* Problem to work on:
Below, some lines carry pictures; leave those pictures out and retype exactly the lines from the one with "Комплект сцепления с" through the one with "На этих кадрах".

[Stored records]
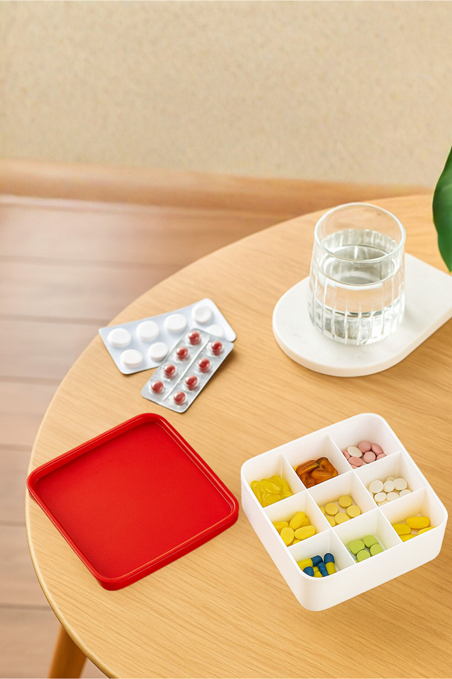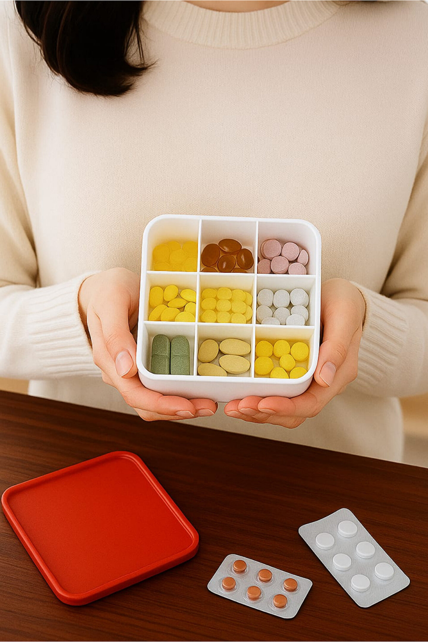 9 Gözlü İlaç ve Vitamin Düzenleyici Kutu; günlük, haftalık ve aylık hap kullanımını pratik şekilde organize etmek isteyenler için tasarlanmış ergonomik bir saklama çözümüdür; 9 bölmeli iç yapısı sayesinde vitamin, takviye edici gıdalar, reçeteli ilaçlar, ağrı kesiciler ve kapsülleri karışmadan güvenle depolamanıza yardımcı olur; kapağı sıkı kapanan yapısı ile çanta, valiz, ofis çekmecesi veya mutfak dolabında dökülme ve karışma riskini ortadan kaldırır; kompakt formu sayesinde az yer kaplar ve günlük kullanım için maksimum kolaylık sağlar; dayanıklı, sağlığa zararsız ve BPA içermeyen malzemeden üretilmiştir; evde yaşlı bireyler, düzenli ilaç kullananlar, sporcular, anneler ve yoğun iş temposunda düzen arayan herkes için ideal bir saklama kutusudur; şeffaf bölme tasarımı ile içindekileri tek bakışta görme imkânı sunar; çocuk kilidi özellikli kapak yapısı sayesinde güvenli bir kullanım sağlar; her vitamin ve hap için ayrı göz sunarak karışıklığı, doz atlamayı ve yanlış ilaç kullanımını önler; modern ve minimalist tasarımıyla hem şık hem de fonksiyonel bir düzenleme ürünü olarak yaşam alanlarınıza uyum sağlar; Ölçüsü 13,5x13,5 cm dir;
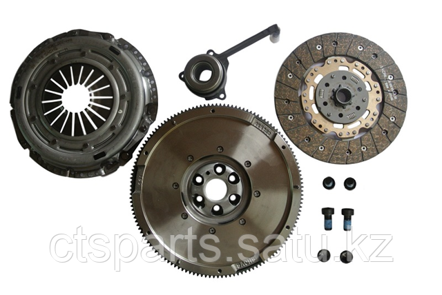 Комплект сцепления с диском включает в себя надежный двухмассовый маховик с ведомым диском сцепления, нажимным диском и болтами коленчатого вала, интегрированные в единый компактный блок для упрощения установки.
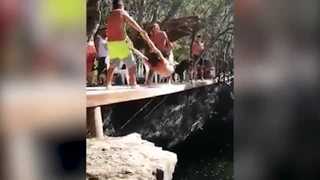 На этих кадрах можно увидеть, как они, стоя на мосте, держат друга за руки и за ноги и раскачивают. С ними рядом находятся другие люди, а также несколько собак. В какой-то момент, раскачивая друга, они случайно ударяют его телом о собаку. Та отлетает в сторону и падает с моста.
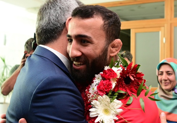 Kahramanmaraş Büyükşehir Belediye Başkanı Hayrettin Güngör, ulusal ve uluslararası arenada gösterdiği başarılarla adından söz ettiren ve son olarak Sırbistan’ın başkenti Belgrad’da düzenlenen Büyükler Dünya Güreş Şampiyonası’nda grekoromen stil 82 kiloda altın madalya kazanarak Türk Bayrağı’nı kürsüde dalgalandıran Kahramanmaraşlı milli güreşçi Burhan Akbudak ve ailesini makamında ağırladı. Ziyarette; ilçe belediye başkanları, Gençlik ve Spor İl Müdürü Cemil Boz ve Büyükşehir Belediye meclis üyeleri de yer aldı. Ziyaretten duyduğu memnuniyeti ifade eden Başkan Hayrettin Güngör, milli sporcu Akbudak’a başarı dileklerini iletirken çeşitli hediyeler de takdim etti.
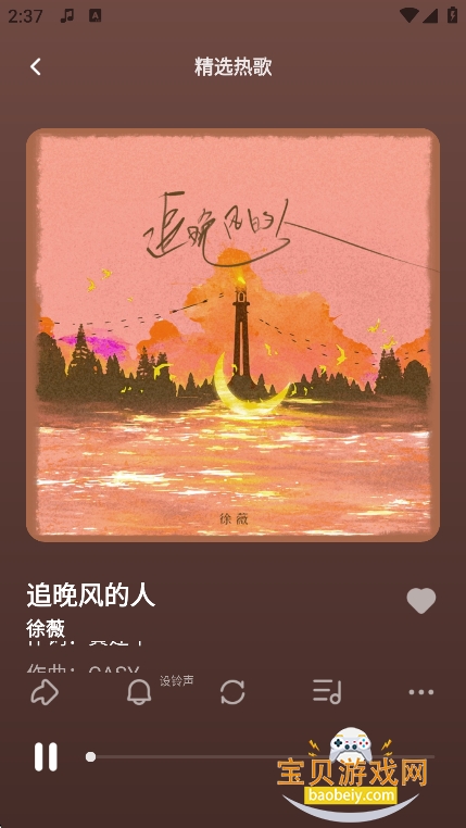 个性化音乐管理:提供歌曲收藏、自建歌单功能,用户可按喜好分类整理音乐,支持循环播放设置,同时支持将喜爱歌曲设为铃声,满足个性化使用需求。
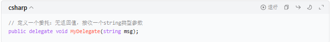 用delegate关键字定义,语法和方法声明类似,只是没有方法体,格式:这里定义的MyDelegate就是一个自定义委托类型,它约束了:能被它引用的方法,必须是无返回值、只有一个 string 参数的。
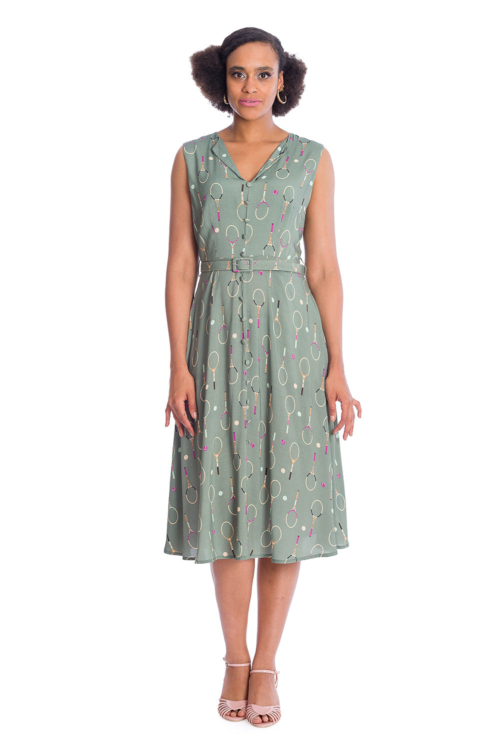 We already had this gorgeous tennis racket print on our radar when we picked the Culottes in the same print, but we know they're not for everyone, and this charming 30s - 40s style dress is certainly one you have to love.

* Your solution:
 Комплект сцепления с диском включает в себя надежный двухмассовый маховик с ведомым диском сцепления, нажимным диском и болтами коленчатого вала, интегрированные в единый компактный блок для упрощения установки.
 На этих кадрах можно увидеть, как они, стоя на мосте, держат друга за руки и за ноги и раскачивают. С ними рядом находятся другие люди, а также несколько собак. В какой-то момент, раскачивая друга, они случайно ударяют его телом о собаку. Та отлетает в сторону и падает с моста.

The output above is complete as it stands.